The Impossible-To-Please Markets
Watching the last half-hour of trading on Wall Street today was like watching a football game when your team is ahead by a field goal, you've got the ball and you're trying to run out the clock to keep the other team from getting another chance to score.
All people wanted was for the clock to run out -- for 4 p.m. to arrive -- with the markets back in positive territory.
Though it was was not to be so -- the other team got the ball and scored the winning touchdown -- the Dow ended up closing down "only" 128 points, or 1.4 percent.
The S&P 500 closed down a little more than 1 percent and the Nasdaq actually closed up .3 percent.
All of which, these days, counts as a victory.
Especially after the Dow plunged 500 points in the moments after opening, launching a 1,015-point swing -- the most volatile trading day in the Dow's history.
Prior to the late rally, it was the worst week in the history of the Dow. Worse than the 1929 crash, worse than any other.

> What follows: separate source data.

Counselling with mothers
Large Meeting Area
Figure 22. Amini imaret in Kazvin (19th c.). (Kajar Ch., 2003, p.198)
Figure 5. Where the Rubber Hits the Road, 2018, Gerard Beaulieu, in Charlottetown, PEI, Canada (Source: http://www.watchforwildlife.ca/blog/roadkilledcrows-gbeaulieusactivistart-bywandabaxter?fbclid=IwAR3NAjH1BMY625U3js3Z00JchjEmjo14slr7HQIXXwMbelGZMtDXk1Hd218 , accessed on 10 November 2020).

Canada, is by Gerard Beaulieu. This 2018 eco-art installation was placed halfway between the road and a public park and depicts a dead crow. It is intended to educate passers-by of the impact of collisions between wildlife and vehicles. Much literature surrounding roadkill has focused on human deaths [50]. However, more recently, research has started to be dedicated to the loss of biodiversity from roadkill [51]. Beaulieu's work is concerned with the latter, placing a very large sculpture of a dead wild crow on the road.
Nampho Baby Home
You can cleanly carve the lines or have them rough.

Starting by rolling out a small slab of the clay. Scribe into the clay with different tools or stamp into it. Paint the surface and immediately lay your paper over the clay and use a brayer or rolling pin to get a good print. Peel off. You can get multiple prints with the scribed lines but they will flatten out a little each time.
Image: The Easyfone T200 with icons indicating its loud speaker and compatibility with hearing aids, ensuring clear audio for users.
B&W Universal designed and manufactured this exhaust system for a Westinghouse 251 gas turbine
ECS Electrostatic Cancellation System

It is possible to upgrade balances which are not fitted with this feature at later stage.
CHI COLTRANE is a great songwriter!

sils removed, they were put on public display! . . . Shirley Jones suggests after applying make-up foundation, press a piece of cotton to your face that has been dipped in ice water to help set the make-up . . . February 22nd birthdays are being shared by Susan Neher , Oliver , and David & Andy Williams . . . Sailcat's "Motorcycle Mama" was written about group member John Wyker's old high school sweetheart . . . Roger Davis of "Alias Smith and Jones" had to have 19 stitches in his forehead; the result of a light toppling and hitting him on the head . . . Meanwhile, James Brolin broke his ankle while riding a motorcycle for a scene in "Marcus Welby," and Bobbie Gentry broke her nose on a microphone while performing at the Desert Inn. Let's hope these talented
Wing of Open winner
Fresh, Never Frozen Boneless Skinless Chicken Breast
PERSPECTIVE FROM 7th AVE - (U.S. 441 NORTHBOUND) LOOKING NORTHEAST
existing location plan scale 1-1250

The markets right now seem to be responding only to expectation and hope of what may come, not reality.
The markets surged when it looked like a bailout would come from the government. Then, when the bailout became a reality, the markets tanked.
The markets cried for a rate cut and went up when it looked like they could get one. Then, when major economies around the world linked arms and actually cut rates, Wall Street shrugged.
Today, analysts were saying the last-hour rally may be attributable to this weekend's G7 summit and the hope -- the hope -- that some further coordinated global relief could come.
In short, the markets are acting like Lotharios who find their thrill in the getting, not the having, of romantic interests. It's all about the chase and the promise. Once gained, the prize inevitably disappoints.
So at least now we know what we're dealing with: A hormone-fueled, 19-year-old college kid.